### BRIEF
Transcribe the whole listing below without changing a word, but leave out every image.

━━━━━ DATA BELOW

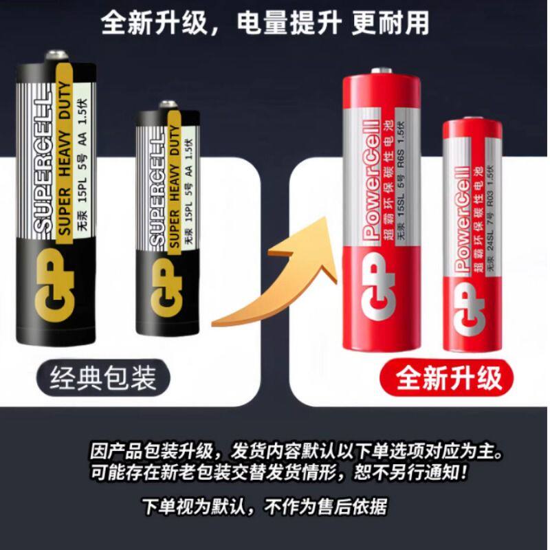 GP超霸5号7号AA碳性儿童玩具电视空调遥控器闹钟1.5V高性能干电池五号七号正品碳性体重秤鼠标键盘家用专用
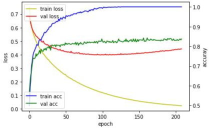 왼쪽 그래프는 빨간색 선이 100epoch 이후에 상승(오버 피팅) 하는 걸 볼 수 있지만, 오른쪽은 상대적으로 loss가 줄어드는 것을 볼 수 있다. 어느 정도 오버 피팅이 되는 것을 방지했다고 볼 수 있다.
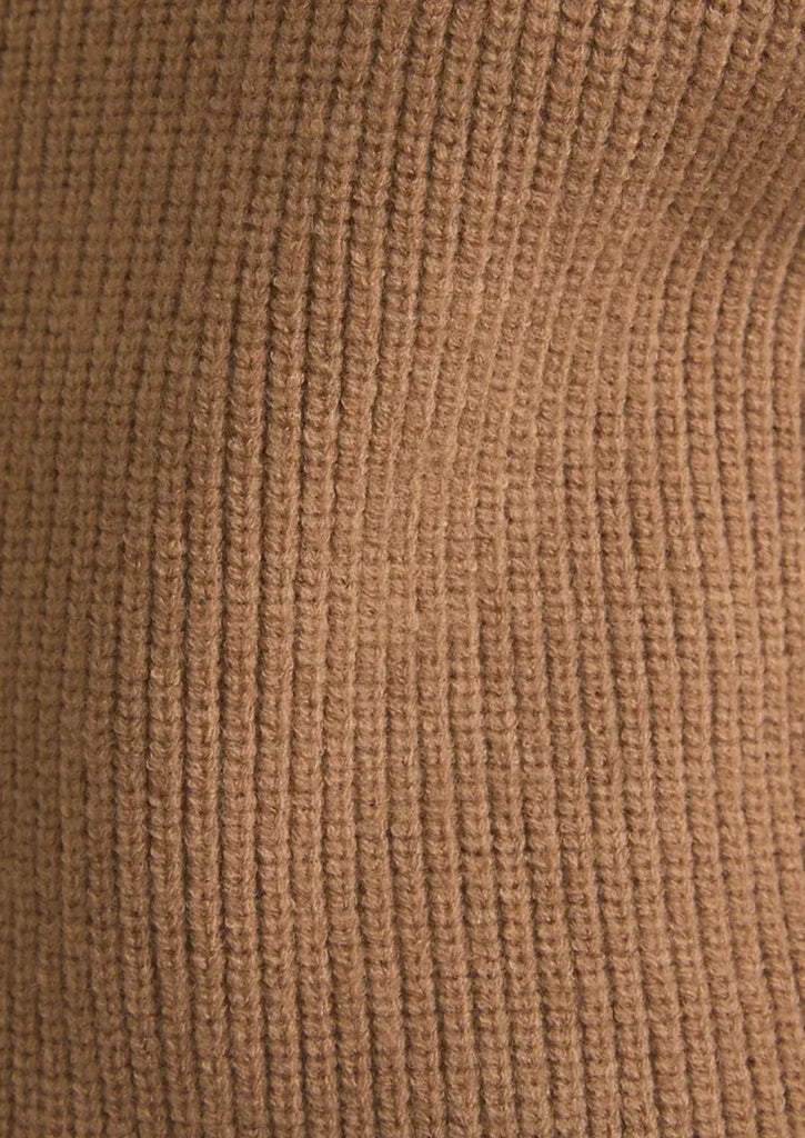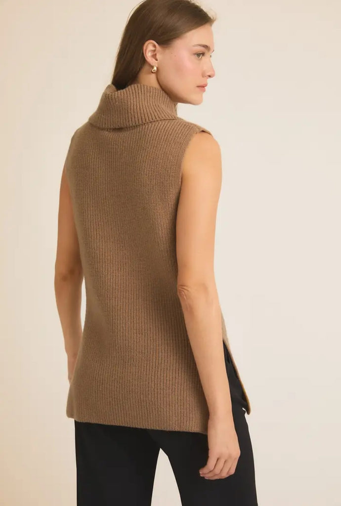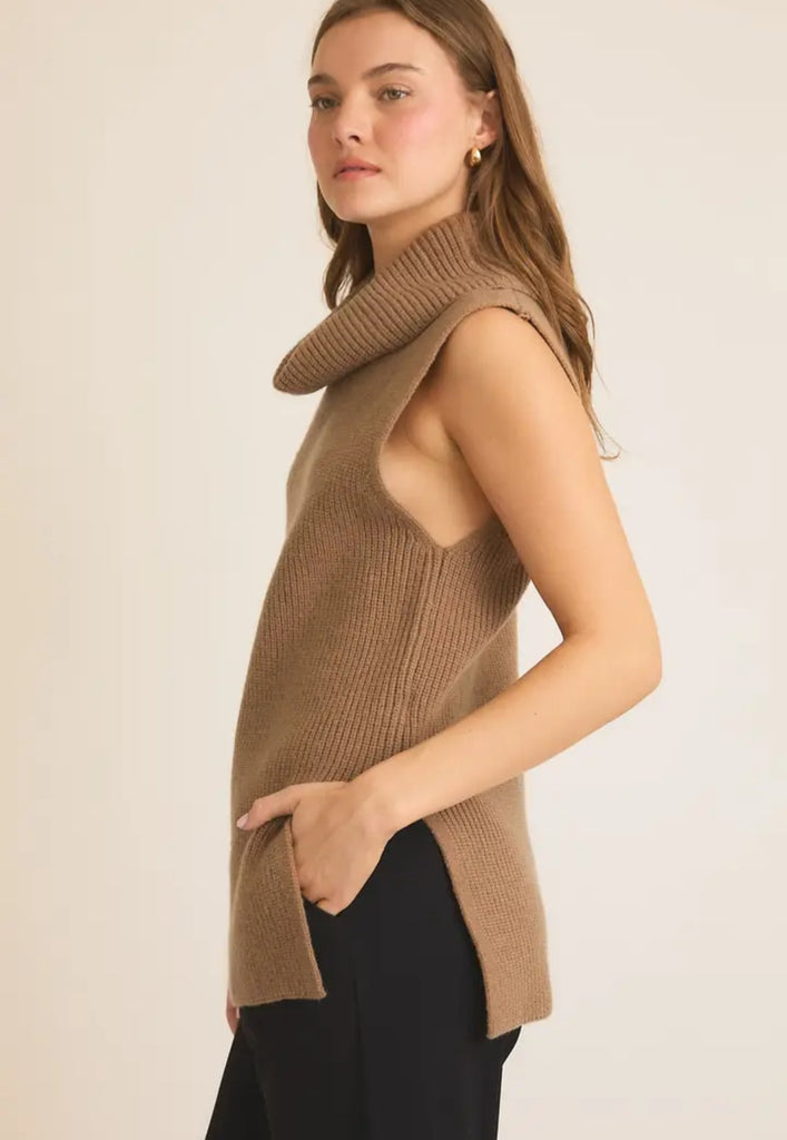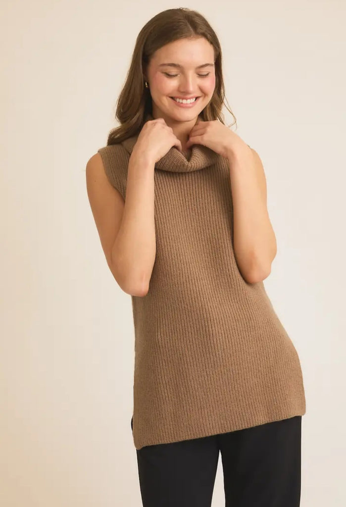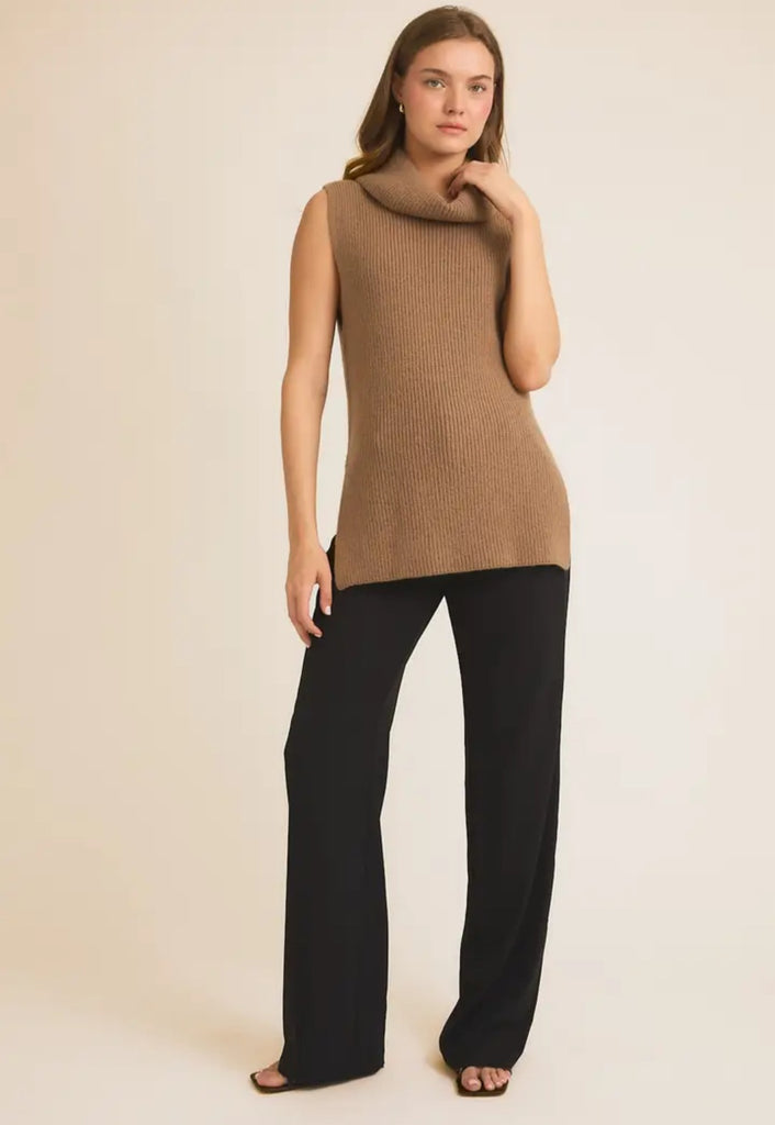 This sleeveless chunky turtleneck in camel offers a chic, longer length with stylish side slits for added movement. The dramatic oversized collar adds a bold, fashionable touch, making it the perfect statement piece for your wardrobe. perfect with denim, or our faux leather pant or legging, also layer with our cropped tee in cream for added warmth. A perfect staple for your winter wardrobe.

━━━━━━━━━━

### WRITTEN RESPONSE
 GP超霸5号7号AA碳性儿童玩具电视空调遥控器闹钟1.5V高性能干电池五号七号正品碳性体重秤鼠标键盘家用专用
 왼쪽 그래프는 빨간색 선이 100epoch 이후에 상승(오버 피팅) 하는 걸 볼 수 있지만, 오른쪽은 상대적으로 loss가 줄어드는 것을 볼 수 있다. 어느 정도 오버 피팅이 되는 것을 방지했다고 볼 수 있다.
 This sleeveless chunky turtleneck in camel offers a chic, longer length with stylish side slits for added movement. The dramatic oversized collar adds a bold, fashionable touch, making it the perfect statement piece for your wardrobe. perfect with denim, or our faux leather pant or legging, also layer with our cropped tee in cream for added warmth. A perfect staple for your winter wardrobe.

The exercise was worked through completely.